多线程各自独享寄存器组，切换进程的时候需要上下文切换。

进程上下文切换的时候把上一个进程的寄存器组保存到 PCB(Process Control Block)中，线程切换需要定义一个或更多新的结构体 TCBs(Thread Control Blocks)来保存每个线程的状态。

线程切换 Page table 不用切换，因为线程共享地址空间。

线程拥有自己的栈。

26.1 Why use threads?

Parallelism。单线程程序只能利用一个 CPU 核，多线程程序可以并行利用多个 CPU 核，提高效率。
防止 I/O 操作导致程序 block。即使是单核 CPU，多线程程序可以在一个线程执行 I/O 操作的时候，其他线程继续利用 CPU。

如果是 CPU 密集型工作，单核 CPU 跑多线程对效率提升不大

26.2~26.4 Problem of Shared data

创建两个线程，分别对全局变量 counter 加 1e7, 最后结果会不等于 2e7。

#include <stdio.h>
#include <pthread.h>
#include "common.h"
#include "common_threads.h"

static volatile int counter = 0;

void *mythread(void *arg)
{
	printf("%s: begin\n", (char *) arg);
	int i;
	for (i = 0; i < 1e7; i++)
		counter = counter + 1;
	printf("%s: done\n", (char *) arg);
	return NULL;
}

int main(int argc, char *argv[])
{
	pthread_t p1, p2;
	printf("main: begin (counter = %d)\n", counter);
	Pthread_create(&p1, NULL, mythread, "A");
	Pthread_create(&p2, NULL, mythread, "B");
	// join waits for the threads to finish
	Pthread_join(p1, NULL);
	Pthread_join(p2, NULL);
	printf("main: done with both (counter = %d)\n", counter);
	return 0;
}

pthread_create: 创建线程。 pthread_join: 阻塞等待线程终止。

假设变量 counter 的地址为 0x8049a1c，值为 50, counter = counter + 1的汇编代码为：

mov 0x8049a1c, %eax
add $0x1, %eax
mov %eax, 0x8049a1c

假设 Thread1 在执行到第二行add $0x1, %eax的时候被切换到 Thread2, Thread2 执行完，将 51 写入内存 0x8049a1c 中，再切回 Thread1。这时因为 context switch 的原因，Thread1 也不会重新执行第一行，从内存重新获取值，而是用之前保存在%eax中的 51，再次写入内存 0x9049a1c。这样发生了错误。

这种情况被称作race condition或data race。

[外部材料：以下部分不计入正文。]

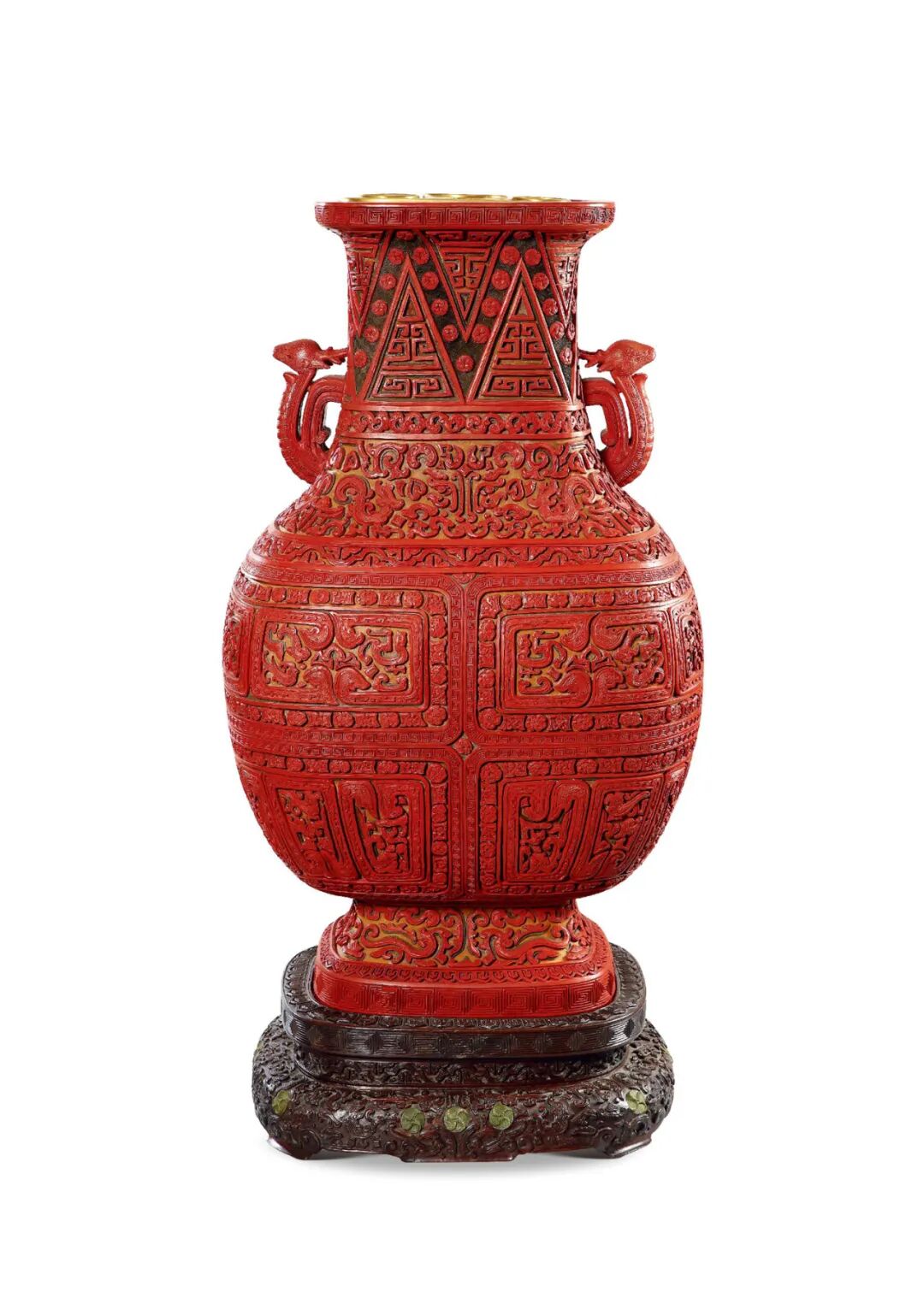 经历清初短暂的混沌后,剔红雕漆一工艺在继承元明期间多元的发展在乾隆间再度兴盛。业以成熟的多样技法与新时代风格巧妙融合,加以乾隆厚爱垂菁的推动下,创出超越前期的空前盛况。

会导致race condition的代码段(并行访问共享数据)被称作critical section临界区。

解决这种问题的方法是mutual exclusion互斥。一个线程在访问共享数据的时候，另一个线程无法访问。

26.5 The wish For Atomicity

synchronization primitives 同步原语。

Chapter27 Thread API

27.1 Thread Creation

#include <pthread.h>
int pthread_create(pthread_t *thread, const pthread_attr_t *attr, void *(*start_routine)(void*), void *arg);

pthread_t thread: 需要传入一个pthread_t结构体地址。

const pthread_attr_t *attr: 用来指定一些属性，比如栈大小，线程调度优先级等。还需要调用pthread_attr_init()，使用默认属性直接传入 NULL。

(*start_routine)(void*): 线程调用的函数指针，函数名为 start_routine。

void *arg: 传入函数指针的形参。

如果函数需要的形参是一个 int：

int pthread_create(..., void *(*start_routine)(int), int arg);

如果函数的返回值是 int:

int pthread_create(..., int (*start_routine)(void *), void *arg);

27.2 Thread Completion

int pthread_join(pthread_t thread, void **value_ptr);

value_ptr: 指向线程的 return value，不关注的话传入 NULL。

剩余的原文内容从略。